Comment 5 Andriy Gapon freebsd_committer freebsd_triage 2017-07-17 06:37:08 UTC
(In reply to Cy Schubert from comment #4)
Thank you!  Could you please test the kernel with INVARIANTS if possible?
Comment 6 Cy Schubert freebsd_committer freebsd_triage 2017-07-17 19:13:11 UTC
(In reply to Andriy Gapon from comment #5)
No messages to console.
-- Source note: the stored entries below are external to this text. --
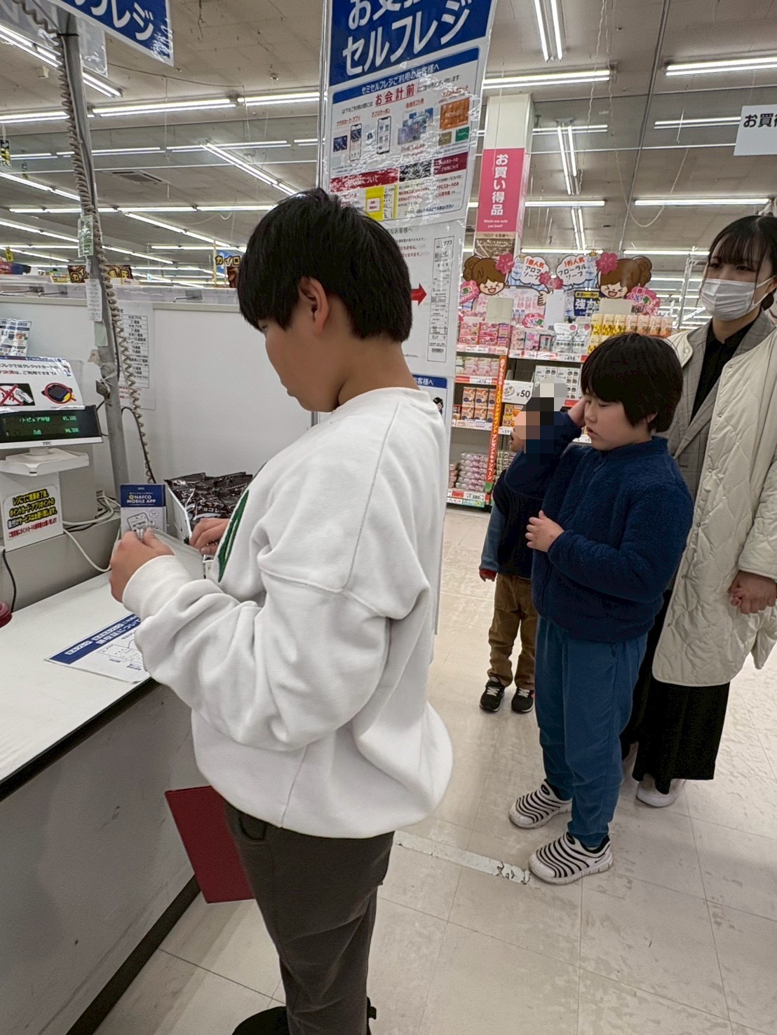 見つけた商品は自分たちでレジまで持って行き、スタッフに見守られながらお会計にも挑戦しました😊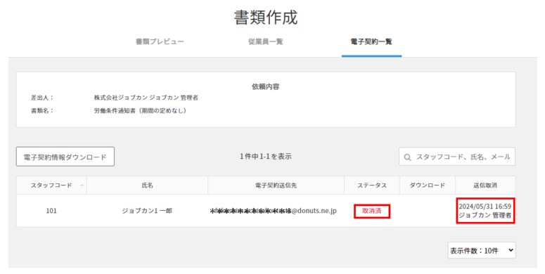 株式会社DONUTS(東京都渋谷区、代表取締役:西村啓成)が提供するクラウド型人事労務システム『ジョブカン労務HR』は「電子契約機能」をアップデートし、送信済みの電子契約書類を、送信先が確認中であれば取り消すことが出来る機能「電子契約送信取り消し機能」を新たに実装いたしました。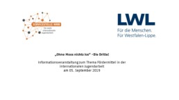 Die Servicestelle für mehr internationale Jugendarbeit lädt herzlich zur dritten Veranstaltung "Ohne Moos nichts los" am 05. Septmeber nach Münster ein. In Kooperation mit dem Landschaftsverband Westfalen-Lippe wird die Veranstaltung rund um das Thema Fördermittel informieren. Es wird die Möglichkeit geben an drei verschiedene Workshops teilzunehmen, um einen Einblick in die verschiedenen Fördermöglichkeiten auf Landes-, Bundes-, sowie EU-Ebene zu bekommen.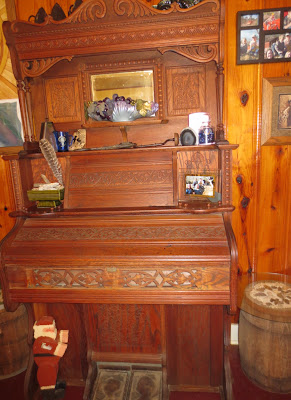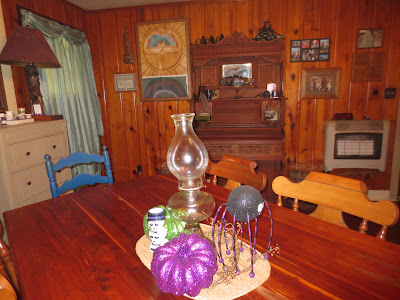 The Dining Room is large in the old farm house. The walls are natural pine, grown, cut, milled and seasoned here At The Farm. It is a large room as dining rooms go and has plenty of room for the extras I like to have in here like Granny Pruett's pump organ and the huge table Mom and Dad had made out of red cedar and black walnut. I don't think I could ever part with these.My added decorations here are rather different too. On the organ are three sad irons from the family, stones, old tools and a Shirley Temple pitcher from Hubby's parents, a cow bell, pictures, an old piano lamp and some other odd and ends.
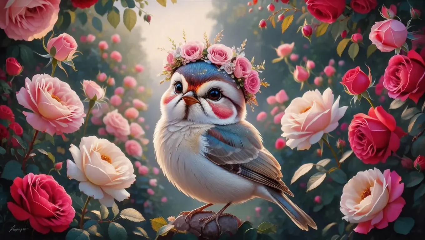 Create a charming AI-generated painting of a cute bird surrounded by vibrant roses. Transform text prompts into stunning artwork with vivid colors and intricate details using Vivago.ai. Elevate your creativity effortlessly with AI-powered tools for professional-grade visual results.
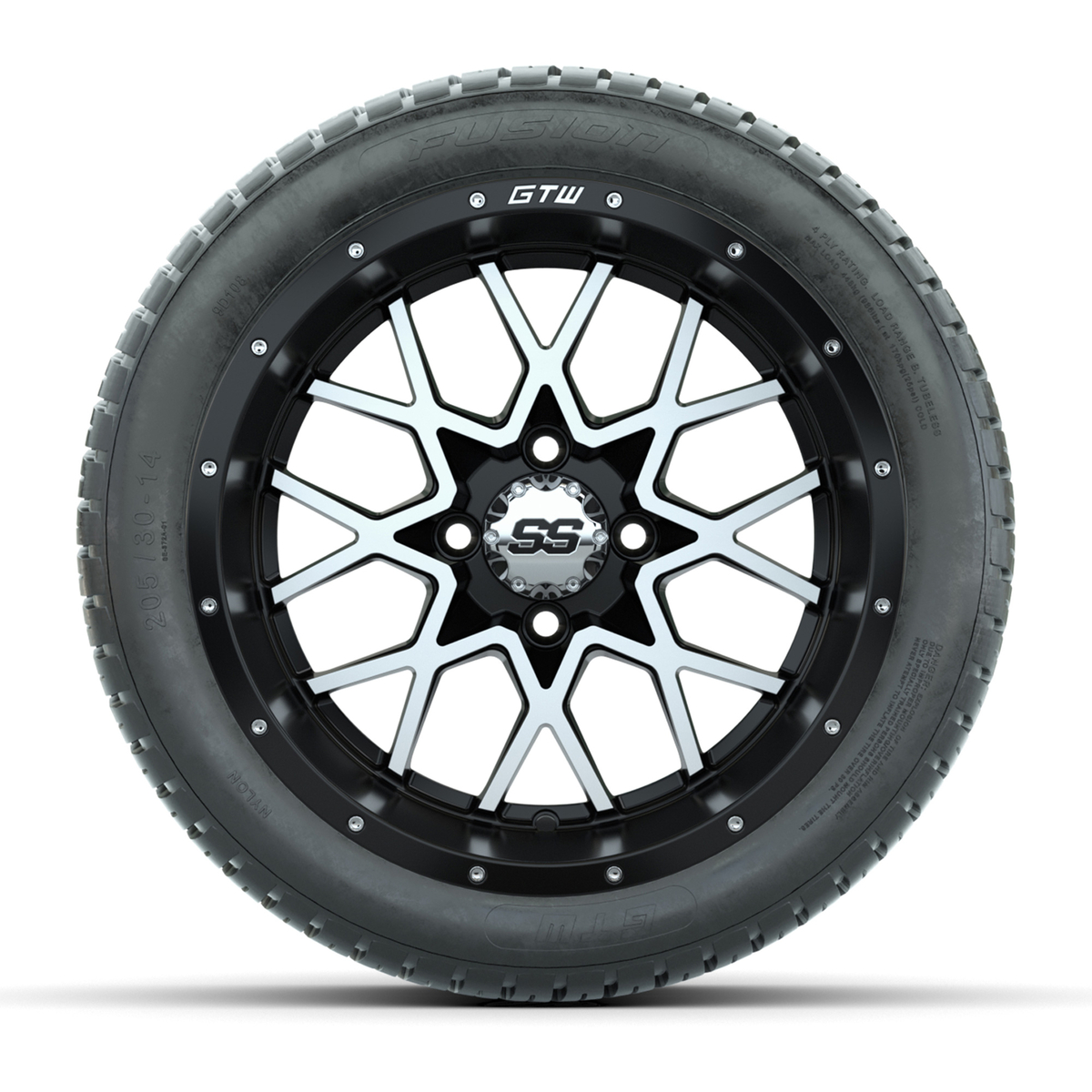 A set of (4) 14-inch GTW® Vortex 2 Matte Black/Machined golf cart wheels mounted on 205/30-14 Fusion Street Tires

Kernel built with:

cwsys# strings /boot/kernel/kernel | grep INVARI
Kernel compiled with INVARIANTS, may affect performance
Support for modules compiled with INVARIANTS option
options	INVARIANT_SUPPORT
options	INVARIANTS
cwsys#
Comment 7 commit-hook freebsd_committer freebsd_triage 2017-07-18 07:42:38 UTC
A commit references this bug:

Author: avg
Date: Tue Jul 18 07:41:39 UTC 2017
New revision: 321111
URL: https://svnweb.freebsd.org/changeset/base/321111

Log:
  fix a regression in r320452, ZFS ABD import

  I overlooked the fact that vdev_op_io_done hook is called even if the
  actual I/O is skipped, for example, in the case of a missing vdev.
  Arguably, this could be considered an issue in the zio pipeline engine,
  but for now I am adding defensive code to check for io_bp being NULL
  along with assertions that that happens only when it can be really
  expected.

  PR:		220691
  Reported by:	peter, cy
  Tested by:	cy
  MFC after:	1 week
  X-MFC with:	r320156, r320452

Changes:
  head/sys/cddl/contrib/opensolaris/uts/common/fs/zfs/vdev_geom.c
Comment 8 Peter Wemm freebsd_committer freebsd_triage 2017-07-19 19:58:53 UTC
This fixes both of the cases that we encountered in the cluster.

Thank you!!
Comment 9 Andriy Gapon freebsd_committer freebsd_triage 2017-07-22 08:18:22 UTC
The issue is fixed in the only branch where it was present.